The Docker layer provides the foundational isolation: separate PID namespace (the agent can’t see or kill host processes), separate network namespace (the iptables rules can’t affect your host), and resource limits via cgroups. Cagent doesn’t reinvent these wheels; it just wires them together with sensible defaults:
docker run \
--cpus="2.0" \
--memory="4g" \
--pids-limit=100 \
--security-opt=no-new-privileges \
--cap-drop=ALL \
--cap-add=NET_ADMIN # Only for iptables setup
--read-only \
cagent:latest
The --read-only flag makes the container filesystem immutable except for explicitly mounted volumes, while capability dropping removes dangerous privileges. The agent gets NET_ADMIN briefly during setup to configure its own iptables rules, then that capability could theoretically be dropped post-setup with a more sophisticated entrypoint script.
What makes this architecture audit-friendly is its lack of magic. There’s no custom kernel module, no proprietary runtime, no complex policy language.

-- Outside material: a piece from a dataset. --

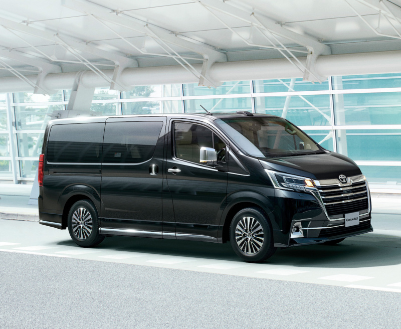 「東京モーターショー2019」でも話題を集めた新型トヨタ・グランエース。FRレイアウト、全長5300×全幅1970×全高1990mmの巨体に3列6人乗り、もしくは4列8人乗りが設定されています。

It’s Docker commands and shell scripts that a competent sysadmin can review. The security boundary is exactly as strong as Docker’s isolation plus your iptables rules—no better, no worse. For many use cases, that’s perfectly adequate.
Gotcha
The biggest gotcha is that Cagent is explicitly experimental, and the repository acknowledges significant hardening gaps. Docker container escapes are a real threat class—CVEs like the runc vulnerability (CVE-2019-5736) showed that even mature container runtimes can have privilege escalation bugs. If your threat model includes ‘the agent is actively trying to escape and compromise the host system,’ Docker alone isn’t sufficient. You’d need something like gVisor or Kata Containers that use virtualization-based isolation, though that comes with significant performance overhead.
The network filtering is also brittle in practice. Domain allowlists break when services move infrastructure, use dynamic CDNs, or require third-party integrations you didn’t anticipate. An agent trying to install a Python package might fail because PyPI uses a different S3 bucket this week. And if you’re too permissive with the allowlist (‘just allow all of AWS’), you’ve effectively neutered the protection. The current implementation also lacks egress logging, so you won’t know if the agent is attempting blocked connections unless you instrument iptables yourself. For any serious deployment, you’d want to fork Cagent and add connection attempt logging to at least see what the agent is trying to access. Finally, the .agentignore pattern matching happens at mount time, not runtime, so there’s no protection against the agent reading a sensitive file that wasn’t matched by your patterns—the old ‘forgot to ignore .env.production’ problem that has bitten everyone at least once.
Verdict
Use if: You’re prototyping AI agent workflows on local machines or in CI environments where the worst-case scenario is ‘contained nuisance’ rather than ‘production data breach.’ Cagent shines when you need something working today, understand its limitations, and can treat it as a starting template rather than a finished product. It’s particularly valuable for small teams building agent tools who need practical sandboxing without dedicating sprints to security infrastructure. Skip if: You’re deploying agents in production environments with access to customer data, need audit trails and compliance documentation, or have threat models that include motivated attackers. Also skip if you need Windows support (this is Linux-specific Docker orchestration) or require sub-second agent startup times (the container bootstrap overhead is noticeable). For those scenarios, invest in proper solutions like gVisor-backed runtimes or commercial agent platforms with security SLAs. Cagent is a great 80/20 solution—it gives you most of the safety with minimal complexity, but that last 20% matters immensely in high-stakes environments.